AIM OF THE TASK: Set down, please, the line that contains "Ipseiorionse Financial Management: Your" and every line that follows it to the end of the records, exactly; do not include pictures.

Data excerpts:
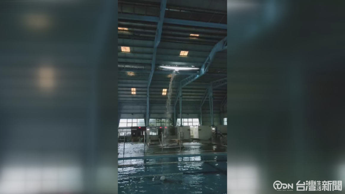 ▲歸仁的游泳池出現屋頂破洞,導致大雨變成瀑布沖進池中,引起民眾熱議。
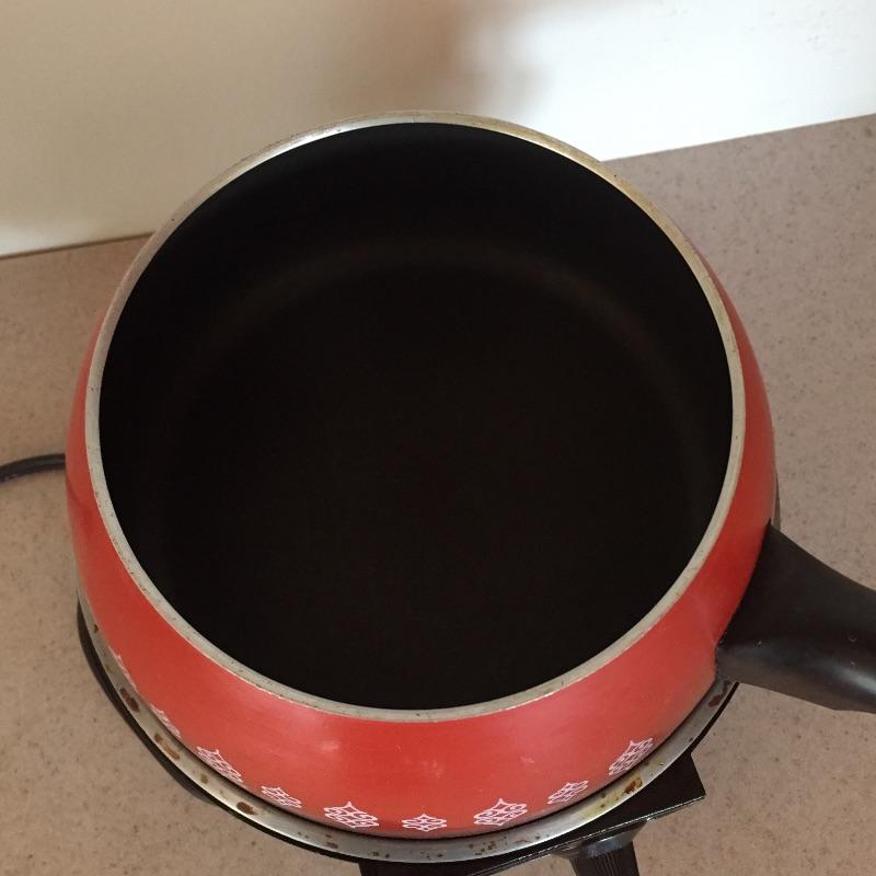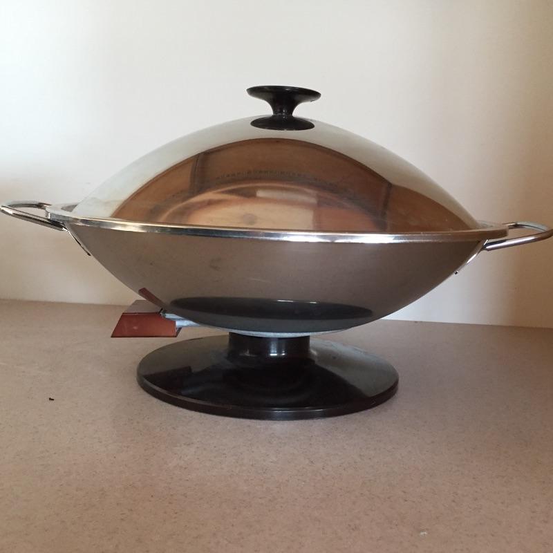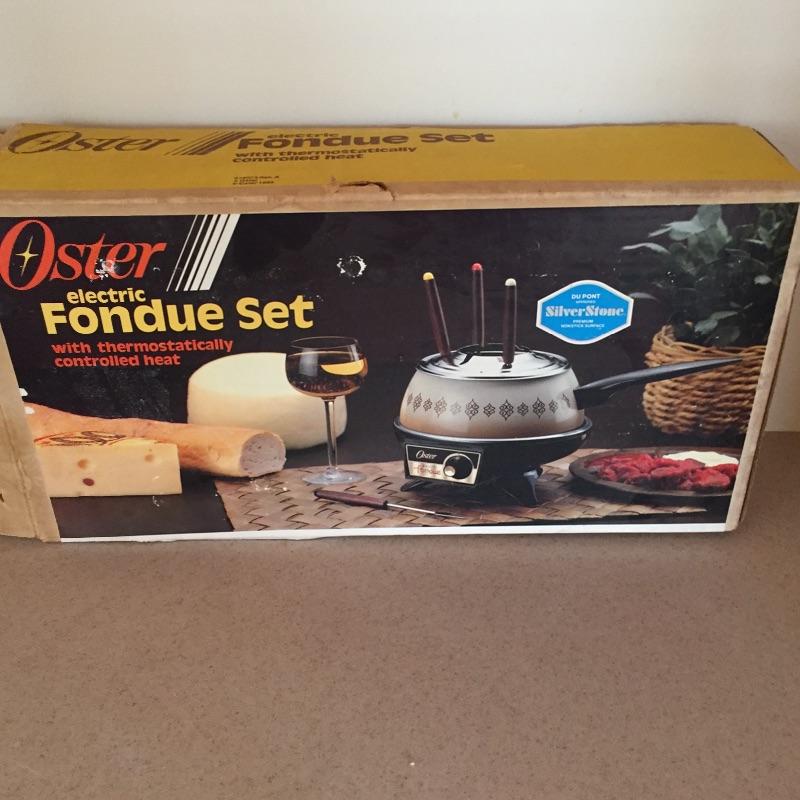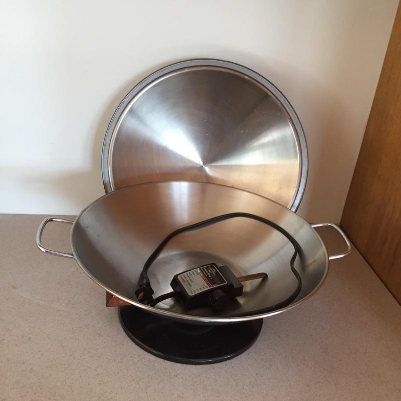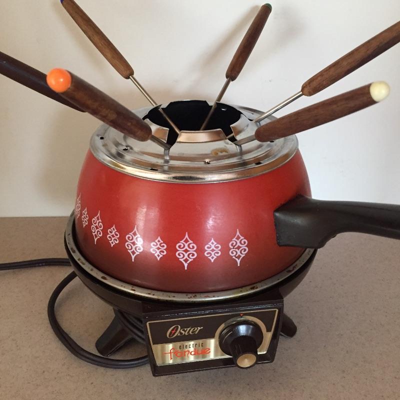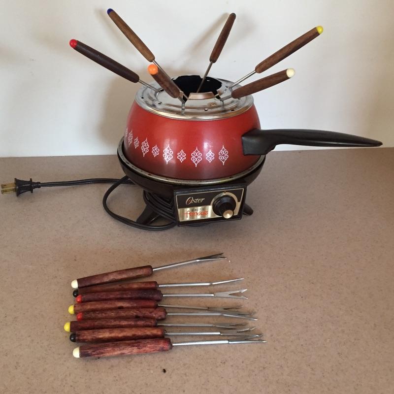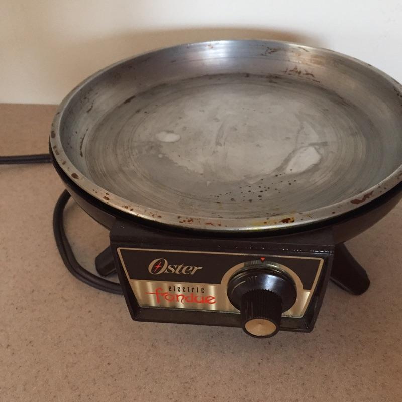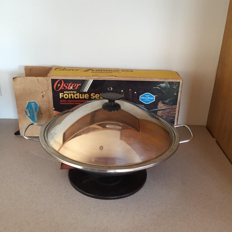 Electric wok and electric fondue set. Oster Electric Fondue set makes heating a cinch. Wok is by West Bend. Have not tested these pieces for functionality. These appliances are made for a good time with friends!
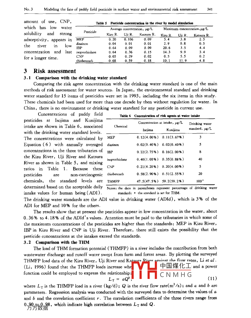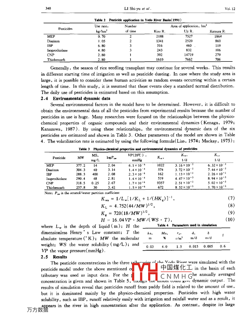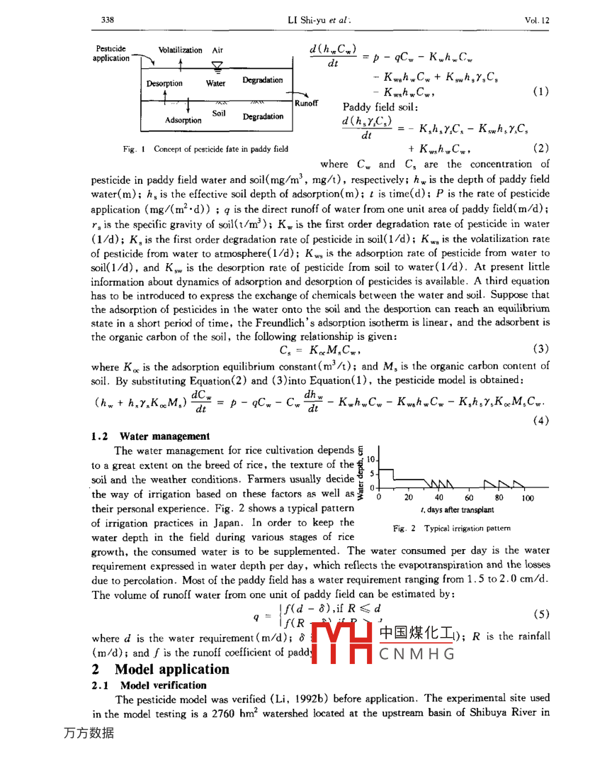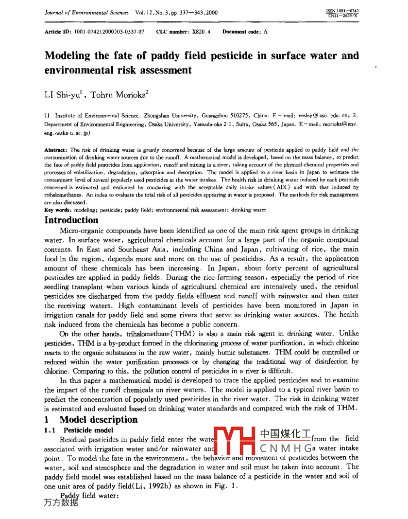 Journal of Environmental Sciences Vol. 12,No. 3.pp.337- -343 ,20001S581001070Articke ID: 100 0742000)03-0337.07 CLC number: X820.4Docement code: AModeling the fate of paddy field pesticide in surface water andenvironmental risk assessmentLI Shi-yu' , Tohru Morioka?(1. Institute of Environmental Science, Zhongshan Universty, Guagzhou 510275. China. E- mail: eslsy@ 2su. edu. cn; 2.Department of Environmental Engineering, Osaka University, Yamada-oka 2-1, Suita, Osaka 565, Japan. E - mail; morioka@ env.eng. osaka u. ac. ip)Abstract: The risk of drinking water is greatly concemed because of the large armount of pesticide applied to paddy field and thecontamination of drinking water sources due to the runoff. A mathermatical model is developed, based om the mass balance, to predictthe fate of paddy field pesticides from application, runoff and mixing in 8 river, taking account of the physical-chermical propetties andprocesses of vlailization, degradation, adsorption and desorption. The model is aplied to a tiver basin in Japan to estimnate thes drinking water induced by each pesticideconcerned is estimated and evaluated by comparing with the acceptable daily intake values( ADI) and with that induced bytrihalomnethanes. An index to evaluate the total risk of all pesticides appearing in water is proposed. The methods for risk managementare also disussed.Key words: modeling; pesticide; paddy feld; environmental risk 8sessment; drinking waterIntroductionMicro-organic compounds have been identified as one of the main risk agent groups in drinkingwater. In surface water, agricultural chemicals account for a large part of the organic compoundcontents. In East and Southeast Asia, including China and Japan, cultivating of rice, the mainfood in the region, depends more and more on the use of pesticides. As a result, the applicationamount of these chemicals has been increasing. In Japan, about forty percent of agriculturalpesticides are applied in paddy fields. During the rice-farming scason, especially the period of riceseedling transplant when various kinds of agricultural chemical are intensively used, the residualpesticides are discharged from the paddy fields effluent and runoff with rainwater and then enterthe receiving waters. High contaminant levels of pesticides have been monitored in Japan inirrigation canals for paddy field and some rivers that serve as drinking water sources. The healthrisk induced from the chemicals has become a public concern.On the other hands, tihalomethane(THM) is also a main risk agent in drinking water. Unikepesticides, THM is a by-product formed in the chlorinating process of water purification, in which chloninereacts to the organic substances in the raw water , mainly humic substances. THM could be controlled orreduced within the water purification processes or by changing the traditional way of disinfection bychlorine. Comparing to this, the pollution control of pesticides in a river is dificult.In this paper a mathematical model is developed to trace the applied pesticides and to examinethe impact of the runoff chemicals on river waters. The model is applied to a typical river basin topredict the concentration of popularly used pesticides in the river water. The risk in drinking wateris estimated and evaluated based on drinking water standards and compared with the risk of THM.1 Model description1.1 Pesticide model中國煤化工,rom the fieldResidual pesticides in paddy field enter the wateassociated with irrigation water and/or rainwater anc:MHCNMHGawaterintakepoint. To model the fate in the environment , the behavior and movement ot pesticides between thewater, soil and atmosphere and the degradation in water and soil must be taken into account. Thepaddy field model was established based on the mass balance of a pesticide in the water and soil ofone unit area of paddy field(Li, 1992b) as shown in Fig.1..Paddy field water:338LI Shi-yu et al:Vol. 12PesucideVolatilization Aird(hgC.)=p-qCw- K.hwCwapplicationdtDesonptionWaterDegnadationKwghwCw + Kwh,r,C, .- KwrhwCw,(1)RunofTPaddy field soil:AdsorptionSoilDegradationd(h,r,C,)=- K,h,r.C,- Kwhsx.C.dFig. 1 Concept of pesticide fate in paddy field+ KwshwCw.2)where Cw andC。are the concentration ofpesticide in paddy field water and soil(mg/m3 ,mg/t), respectively; hw is the depth of paddy fieldwater(m); h, is the effective soil depth of adsorption(m); t is time(d); P is the rate of pesticideapplication (mg/(m2.d)) ; q is the direct runoff of water from one unit area of paddy field( m/d);r。is the specific gravity of soil(t/m' ); Kw is the first order degradation rate of pesticide in water(1/d); K。is the first order degradation rate of pesticide in soil(1/d); K w is the volatilization rateof pesticide from water to atmosphere(1/d); K ws is the adsorption rate of pesticide from water tosoil(1/d), and Ksw is the desorption rate of pesticide from soil to water(1/d). At present lttleinformation about dynamics of adsorption and desorption of pesticides is available. A third equationhas to be introduced to express the exchange of chemicals between the water and soil. Suppose thatthe adsorption of pesticides in the water onto the soil and the desportion can reach an equilibriumstate in a short period of time, the Freundlich' s adsorption isotherm is linear,and the adsorbent isthe organic carbon of the soil, the following relationship is given:C, = KoM,Cw,(3)where Ko is the adsorption equilibrium constant(m'/t); and M, is the organic carbon content ofsoil. By substituting Equation(2) and (3)into Equation(1), the pesticide model is obtained:(hw + h,y.KoM,)= p-qCw-Cw”- KwhwCw- KwnhwC.- Kghsr,KxM,Cw.(4)1.2 Water managementThe water management for rice cultivation depends 5toa great extent on the breed of rice, the texture of the客1es, -soil and the weather conditions. Farmers usually decide 日SMAAthe way of irigation based on these factors as well as李'20 400 80 100their personal experience. Fig. 2 shows a typical pattern1.
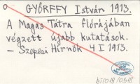 GYŐRFFY István 1913 A Magas Tátra flórájában végzett újabb kutatások.
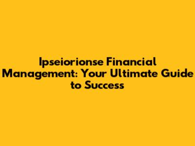 Ipseiorionse Financial Management: Your Guide To Success
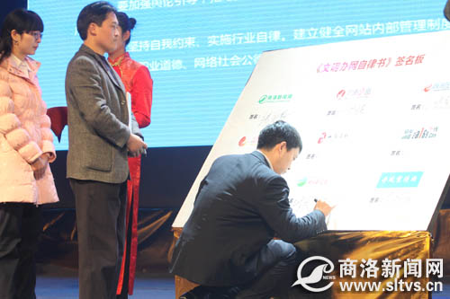 典禮上,商洛新聞網向全市互聯網從業者和網民發出《文明辦網 文明上網》倡議,商洛新聞網、商洛之窗、商洛在線、商南宣傳網、丹鳳宣傳網、鎮安在線、山陽在線、洛南生活網、柞水新聞網9家網站負責人簽署了《文明辦網自律書》,號召廣大網站文明辦網、廣大網民文明上網,共同推進商洛網絡文化建設健康發展。

SOLVED PROBLEM:
 Ipseiorionse Financial Management: Your Guide To Success
 典禮上,商洛新聞網向全市互聯網從業者和網民發出《文明辦網 文明上網》倡議,商洛新聞網、商洛之窗、商洛在線、商南宣傳網、丹鳳宣傳網、鎮安在線、山陽在線、洛南生活網、柞水新聞網9家網站負責人簽署了《文明辦網自律書》,號召廣大網站文明辦網、廣大網民文明上網,共同推進商洛網絡文化建設健康發展。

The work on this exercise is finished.